I am the proud owner of the genuine Warsaw Pact-era gas mask that you see in the photo — if anyone can identify the make or model I’d be very grateful. It’s proudly displayed on top of our DVD shelf, ready for use at a moment’s notice for when the Huns pre-empt their major summer offensive with a chlorine gas artillery bombardment.
I know it works because I previously used the gas mask in a potentially lethal field trial. A flatmate had adopted a stray kitten and while the cat was dearly loved, its cat box rarely received adequate human attention. Instead, the flatmate simply kept piling more kitty litter on top the old stuff. Sure enough, the cat litter box reached the critical overflow point, and yours truly somehow got suckered into changing the whole thing.
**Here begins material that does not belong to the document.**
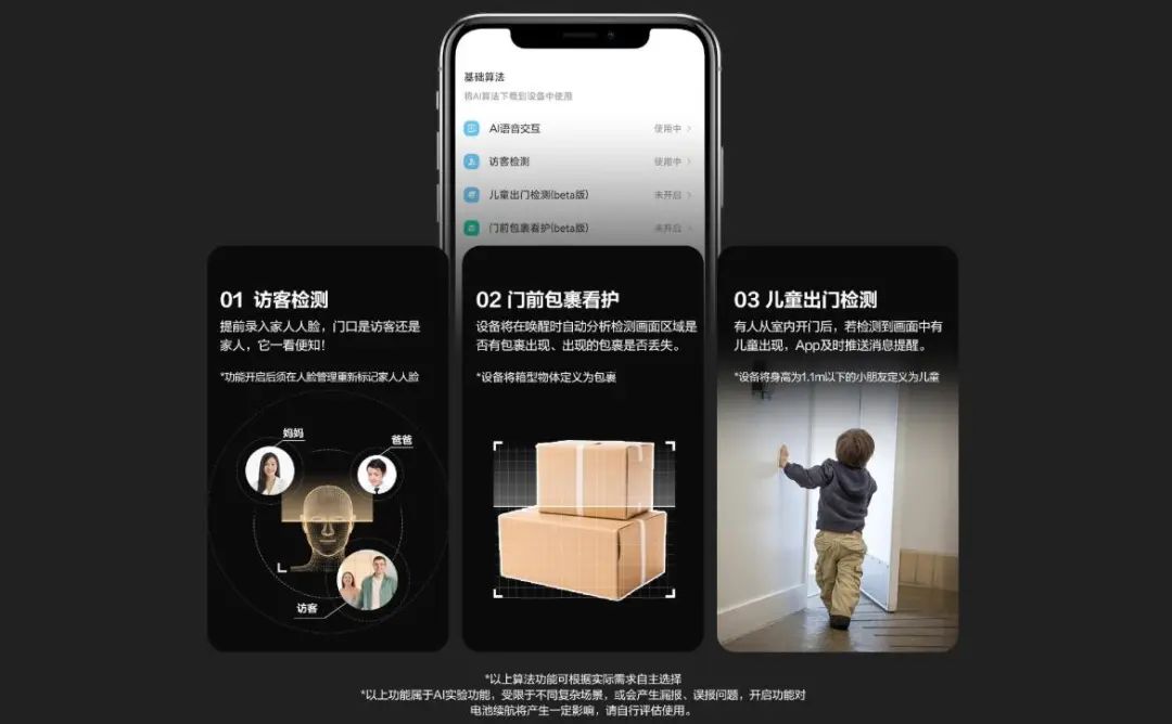 在AI算法商店的加持下,萤石人脸视频锁还升级了智能看护能力。比如可自动检测门口包裹情况并通过APP提醒;开门时有儿童出现,系统会发消息提醒;还可联动萤石室内摄像机和睡眠检测雷达,实时检测长辈居家安全。

I vaguely recall the decision to volunteer me was made after the contents of the cat box were disturbed in an attempted clean out, whereupon the intensely choking smell of cat urine drove everyone from the room. I kid you not, my flatmate was dry reaching (either that or it was part of a convincing act to get me to do the dirty work). Then I struck upon the idea of using my gas mask and, would you believe, I was then leisurely able to go about my business.
Another time, I went to this party which I was told was full fancy dress. I dressed up in every piece of military attire I could find and just before knocking on the door I put on my gas mask. The door was opened by a very surprised looking host who, after recovering from the astonishment that comes from opening the door and being greeted by a strange man in a camouflage uniform and gas mask, conceded that actually no, it wasn’t really a fancy dress party.
So yes, I was totally that guy at a non-fancy dress party. In a gas mask.
As I was saying, I had to dispose of the asbestos buried in the back yard. Apparently you’re supposed to keep the stuff wet to prevent it from getting powdery. So I got out the hose and sprinkled the area with water. However, I was still ultra-paranoid — asbestos can do nasty things to your skin — so for added protection I put on this immensely thick pair of industrial-style gloves. Then I carefully shovelled the stuff (I reckon there was less than half a kilo) into a rubbish bag and tied it securely.
But, I thought, somewhat irrationally… what if I’d still inadvertently inhaled some fibres?
That’s when I had an equally irrational thought. Welsh men’s choirs are renowned for their energy and power (this will make sense in a moment) and, while I have no idea if the following is true, I was once told that the tradition began amongst miners who would intentionally sing their hearts out on their way home from a shift in an effort to expel coal dust from their lungs. Go figure…
So I thought, “I know!” I’ll go for a run and that’ll have the same effect. Even better, given how unfit I am there would be no shortage of heaving, spluttering, huffing and puffing.
So that explains what's going on in this photo
That, and the only true way to do your gardening is in your Iron Maiden shirt.